### BRIEF
Among the records below, find each line that includes the string "الأعلى" and copy it.
**** INPUT
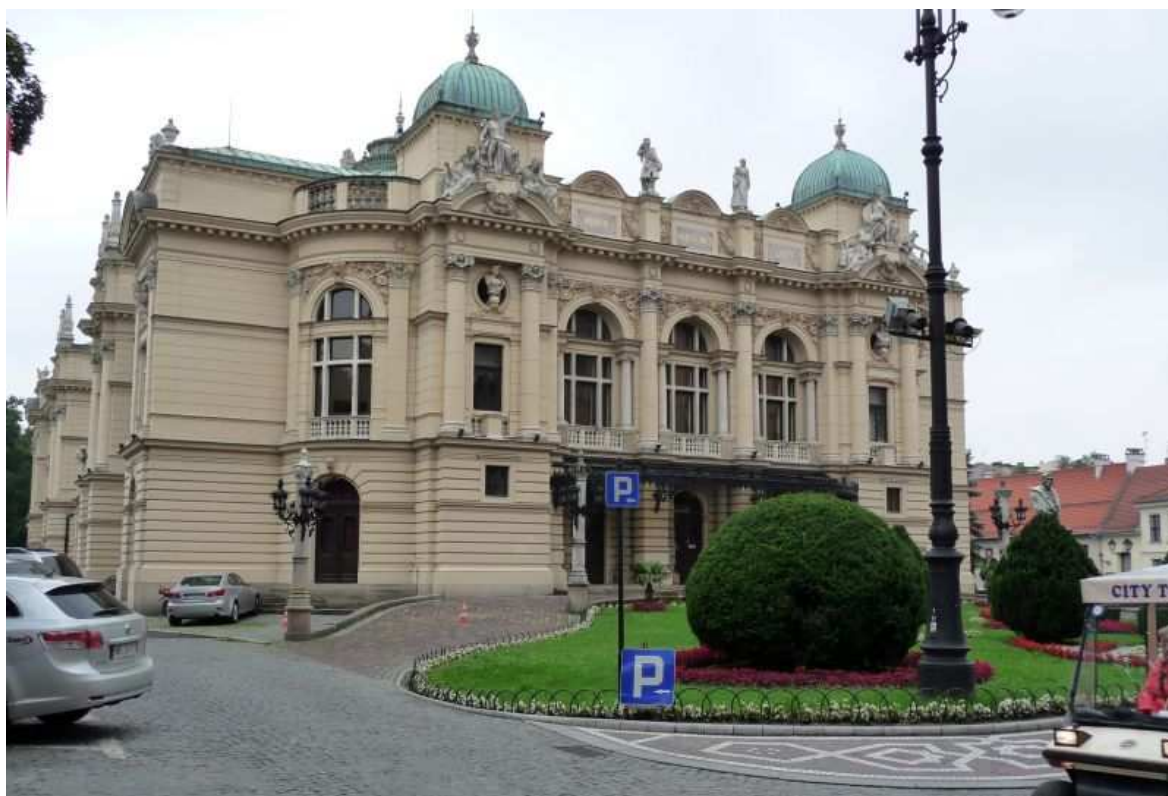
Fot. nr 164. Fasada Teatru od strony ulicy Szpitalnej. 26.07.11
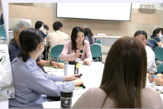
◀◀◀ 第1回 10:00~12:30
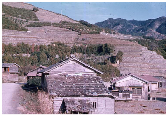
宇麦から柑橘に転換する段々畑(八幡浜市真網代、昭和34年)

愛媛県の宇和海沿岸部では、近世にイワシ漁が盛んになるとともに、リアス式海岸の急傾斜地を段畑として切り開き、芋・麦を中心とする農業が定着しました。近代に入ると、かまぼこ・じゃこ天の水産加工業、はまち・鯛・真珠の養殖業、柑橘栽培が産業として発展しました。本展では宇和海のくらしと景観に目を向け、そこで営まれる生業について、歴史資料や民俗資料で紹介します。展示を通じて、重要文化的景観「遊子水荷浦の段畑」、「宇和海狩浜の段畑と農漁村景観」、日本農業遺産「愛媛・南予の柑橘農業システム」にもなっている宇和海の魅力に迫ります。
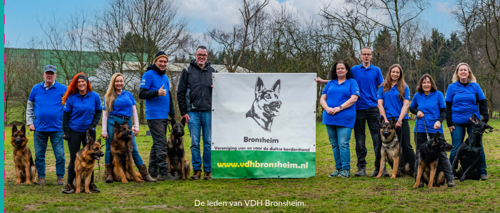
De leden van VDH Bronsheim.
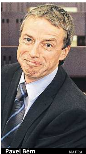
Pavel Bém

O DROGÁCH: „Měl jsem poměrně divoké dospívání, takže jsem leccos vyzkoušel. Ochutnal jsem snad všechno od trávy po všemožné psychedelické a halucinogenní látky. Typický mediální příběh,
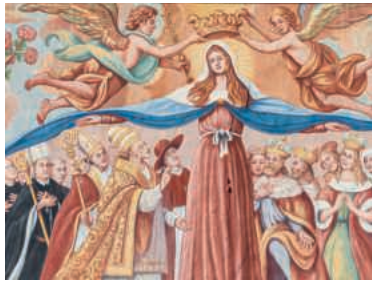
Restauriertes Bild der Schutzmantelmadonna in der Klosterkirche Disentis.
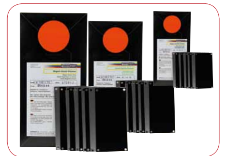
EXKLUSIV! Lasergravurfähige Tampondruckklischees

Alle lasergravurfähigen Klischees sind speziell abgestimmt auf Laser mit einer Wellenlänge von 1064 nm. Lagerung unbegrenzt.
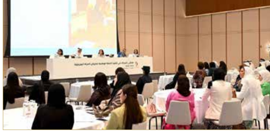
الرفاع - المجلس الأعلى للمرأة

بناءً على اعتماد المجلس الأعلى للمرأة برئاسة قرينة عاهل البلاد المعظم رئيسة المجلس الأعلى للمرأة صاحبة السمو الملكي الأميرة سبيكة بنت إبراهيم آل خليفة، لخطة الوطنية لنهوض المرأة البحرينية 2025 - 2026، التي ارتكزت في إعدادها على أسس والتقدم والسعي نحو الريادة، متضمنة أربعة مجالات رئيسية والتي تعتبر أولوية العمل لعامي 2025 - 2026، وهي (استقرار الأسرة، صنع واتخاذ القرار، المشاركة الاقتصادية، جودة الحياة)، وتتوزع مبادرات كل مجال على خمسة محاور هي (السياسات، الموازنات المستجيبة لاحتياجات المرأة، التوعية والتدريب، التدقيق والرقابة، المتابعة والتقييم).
********
**** INPUT
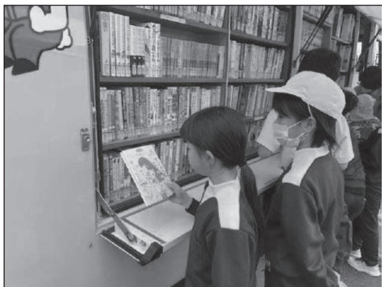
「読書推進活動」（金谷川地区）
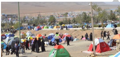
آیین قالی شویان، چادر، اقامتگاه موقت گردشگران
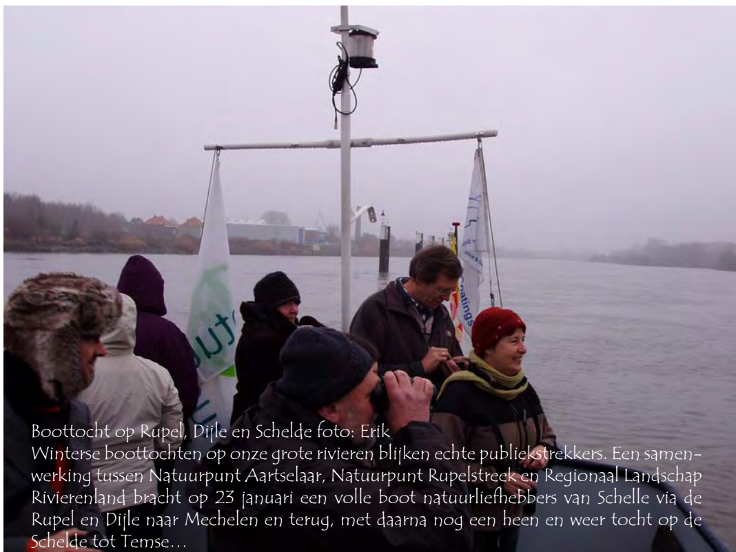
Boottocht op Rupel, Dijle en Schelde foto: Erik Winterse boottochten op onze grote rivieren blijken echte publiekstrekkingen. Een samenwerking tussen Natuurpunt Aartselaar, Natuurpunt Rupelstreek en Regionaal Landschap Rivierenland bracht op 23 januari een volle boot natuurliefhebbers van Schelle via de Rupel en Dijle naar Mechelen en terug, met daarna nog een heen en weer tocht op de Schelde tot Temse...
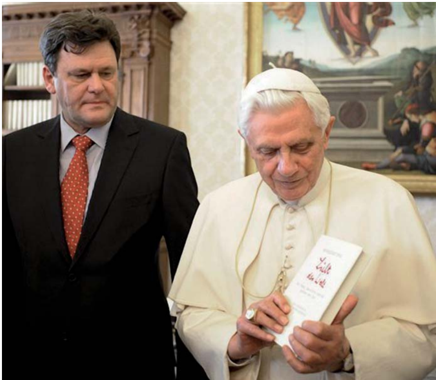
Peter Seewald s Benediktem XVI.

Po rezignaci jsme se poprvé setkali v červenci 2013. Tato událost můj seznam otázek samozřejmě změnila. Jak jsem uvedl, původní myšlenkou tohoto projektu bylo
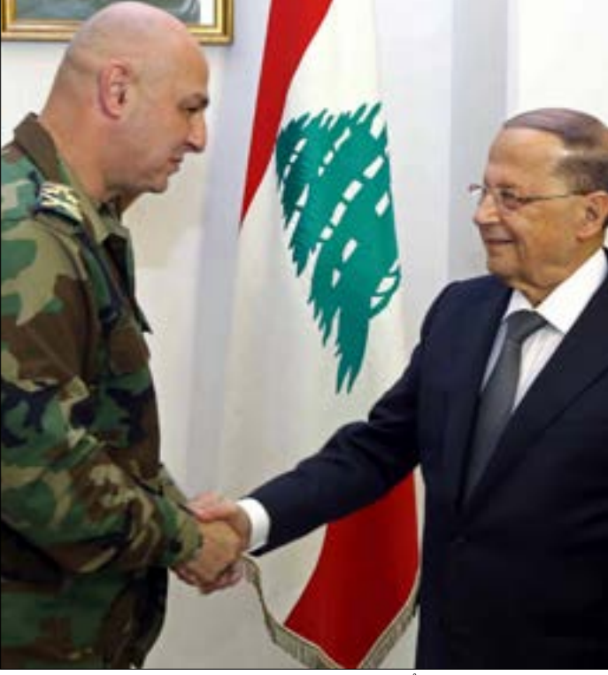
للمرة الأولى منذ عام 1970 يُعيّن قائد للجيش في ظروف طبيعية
********
**** INPUT
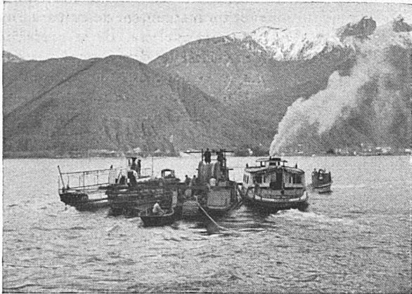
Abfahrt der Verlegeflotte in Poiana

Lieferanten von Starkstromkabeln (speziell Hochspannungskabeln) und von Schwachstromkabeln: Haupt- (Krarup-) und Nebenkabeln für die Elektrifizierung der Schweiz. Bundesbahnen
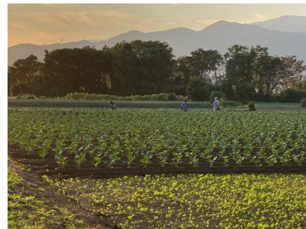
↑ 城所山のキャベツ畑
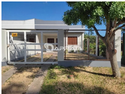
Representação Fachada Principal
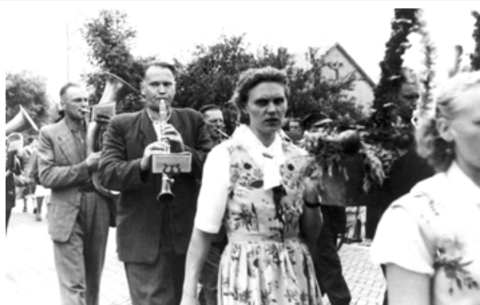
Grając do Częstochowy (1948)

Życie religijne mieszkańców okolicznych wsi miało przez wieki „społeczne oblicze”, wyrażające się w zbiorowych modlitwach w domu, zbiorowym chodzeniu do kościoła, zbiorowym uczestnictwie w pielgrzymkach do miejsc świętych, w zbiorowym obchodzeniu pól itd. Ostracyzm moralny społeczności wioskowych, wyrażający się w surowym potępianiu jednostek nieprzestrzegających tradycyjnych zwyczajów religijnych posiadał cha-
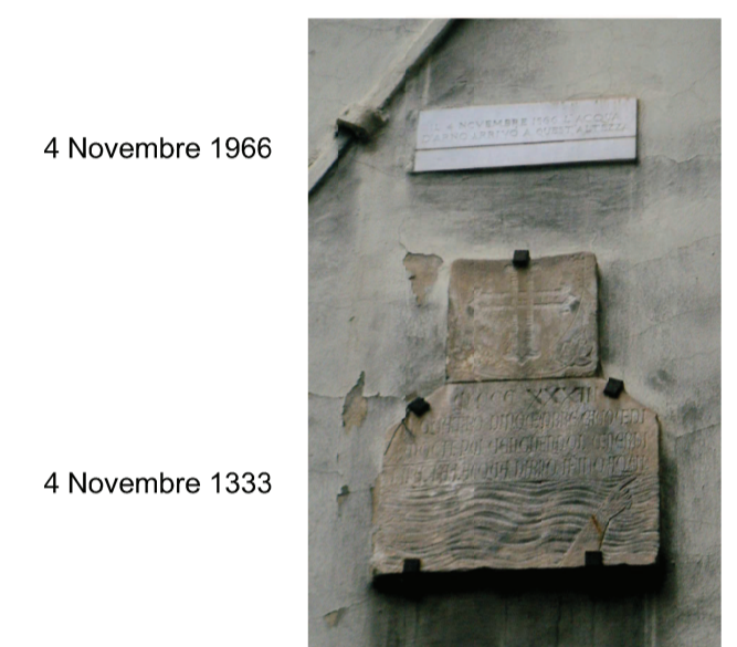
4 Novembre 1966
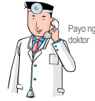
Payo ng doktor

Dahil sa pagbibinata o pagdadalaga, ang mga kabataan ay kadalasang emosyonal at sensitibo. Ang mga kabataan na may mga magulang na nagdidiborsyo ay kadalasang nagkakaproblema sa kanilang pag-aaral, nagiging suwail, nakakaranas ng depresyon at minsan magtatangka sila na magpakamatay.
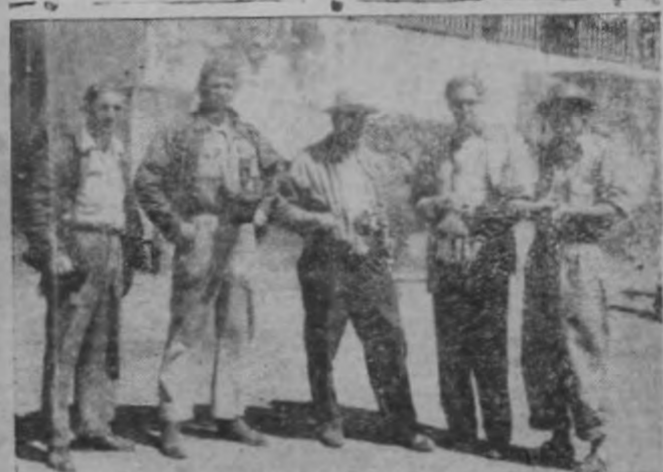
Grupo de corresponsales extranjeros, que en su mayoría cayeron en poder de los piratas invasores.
********
### SOLUTION TO THIS PROBLEM
الرفاع - المجلس الأعلى للمرأة
بناءً على اعتماد المجلس الأعلى للمرأة برئاسة قرينة عاهل البلاد المعظم رئيسة المجلس الأعلى للمرأة صاحبة السمو الملكي الأميرة سبيكة بنت إبراهيم آل خليفة، لخطة الوطنية لنهوض المرأة البحرينية 2025 - 2026، التي ارتكزت في إعدادها على أسس والتقدم والسعي نحو الريادة، متضمنة أربعة مجالات رئيسية والتي تعتبر أولوية العمل لعامي 2025 - 2026، وهي (استقرار الأسرة، صنع واتخاذ القرار، المشاركة الاقتصادية، جودة الحياة)، وتتوزع مبادرات كل مجال على خمسة محاور هي (السياسات، الموازنات المستجيبة لاحتياجات المرأة، التوعية والتدريب، التدقيق والرقابة، المتابعة والتقييم).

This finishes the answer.